The processional crosses are four in number. The cross most commonly in use in processions at church festivals and special services in the Abbey is that given by Rodman Wanamaker of the USA and first used on Christmas Eve 1922. This is of ivory and silver gilt, adorned with a series of panels of beaten gold and sapphires. On one side the panels show the Crucifixion with representations of the annunciation, nativity, resurrection and ascension on the arms of the cross. On the other side is Our Lord in Glory with groups of apostles on the cross arms. Smaller panels are filled with emblems of the Evangelists and figures of angels. The cross was re-gilded and new ivory inlaid in 1964. At this time seventy two diamonds were added. It was designed by Walter Stoye and made by the firm of Barkentin & Krall. The staff is of silver gilt and the Latin inscriptions on this record the gift by Wanamaker and the Biblical quote "Nation shall not lift up sword against nation, neither shall they learn war any more". The cross of Westminster is also used in Westminster Hall at the head of the coffin when monarchs and others lie in state there.

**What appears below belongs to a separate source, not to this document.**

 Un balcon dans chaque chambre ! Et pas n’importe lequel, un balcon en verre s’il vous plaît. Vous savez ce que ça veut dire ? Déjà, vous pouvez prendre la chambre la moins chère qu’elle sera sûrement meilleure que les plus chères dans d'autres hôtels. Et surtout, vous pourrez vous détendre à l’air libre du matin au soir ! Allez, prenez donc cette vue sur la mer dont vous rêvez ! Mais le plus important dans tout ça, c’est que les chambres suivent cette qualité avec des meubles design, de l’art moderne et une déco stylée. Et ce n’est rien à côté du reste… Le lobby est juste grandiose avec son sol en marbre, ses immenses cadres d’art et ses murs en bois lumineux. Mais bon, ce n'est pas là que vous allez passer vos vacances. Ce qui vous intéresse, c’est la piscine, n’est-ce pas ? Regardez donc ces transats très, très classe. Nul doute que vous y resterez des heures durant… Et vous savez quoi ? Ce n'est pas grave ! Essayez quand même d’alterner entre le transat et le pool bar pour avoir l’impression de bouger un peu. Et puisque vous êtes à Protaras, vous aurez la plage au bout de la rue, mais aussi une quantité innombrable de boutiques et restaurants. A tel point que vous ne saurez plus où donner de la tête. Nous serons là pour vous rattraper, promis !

The silver gilt cross of Abyssinian workmanship was presented, together with its ebony staff, by Ras Makunan, envoy of the King of Abyssinia in London at the time of the sudden illness of Edward VII just prior to his coronation in 1902. The cross is overlaid on the back with a net of wirework soldered and gilt with inscriptions in Amharic. On the staff there is a Latin inscription which can be translated "Given by Ras Makunan to greet King Edward 8 Kalends of July 1902 [ie.25 July]" The cross stood at the head of the grave at the burial of the Unknown Warrior in 1920.

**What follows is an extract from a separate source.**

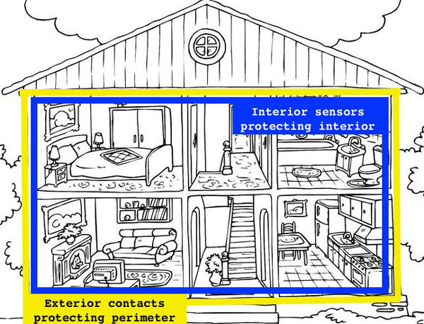 هنگامی که نصاب سیستم امنیتی، دست به طراحی سیستم هشدار می زنند باید لایه های حفاظتی مختلفی را برای ورودی ها در نظر بگیرد. مثلا اتصالات راهرو باید شامل حسگرهای دربها و یا تشخیص دهنده وضعیت پنجره ها (باز یا بسته بودن) باشد. بهترین کار داشتن لایه دوم حفاظتی در وردیهای فرعی یا حتی غیر فعال کردن انشعابات برقی و ورودیها است. با استفاده از حسگرهای تشخیص حرکت در فضای داخلی و بر روی دیواره های فضای خارجی امکان ورود غیر مجاز یا عدم تشخیص ورود غیر مجاز از بین میرود و سطح حفاظتی افزایش می یابد. حسگرهای تشخیصی از نوع تشخیص حرکت یا مگنتهای در و پنجره بعنوان مکمل یکدیگر عمل می کنند و حتی می توانند بجای همدیگر هم مورد استفاده قرار گیرند. استفاده تنها یکی از انواع آنها به این معنی است که یک سارق حرفه ای می تواند بدون هیچ مشکلی سیستم هشدار را از کار بیندازد.

A cross of Abyssinian ivory, studded with silver gilt pins and decorated with shields showing the cross keys of St Peter with the ring of St Edward the Confessor and arms of the Collegiate Church, was made up from a tusk presented in 1924 by Haile Selassie, later Emperor of Ethiopia. On the shaft are some smaller shields. The cost of making this cross was borne by Mrs E.B. Wright. It was dedicated in 1940 and designed by Omar Ramsden and completed after his death by Laurence Turner. This cross was carried in front of the coffin of Diana, Princess of Wales at her funeral.

A cross of English wood painted red with gilt decorations of a sun and star, the gift of the Brotherhood of St Edward (made up of former Abbey choristers) in 1933, is used during Lent.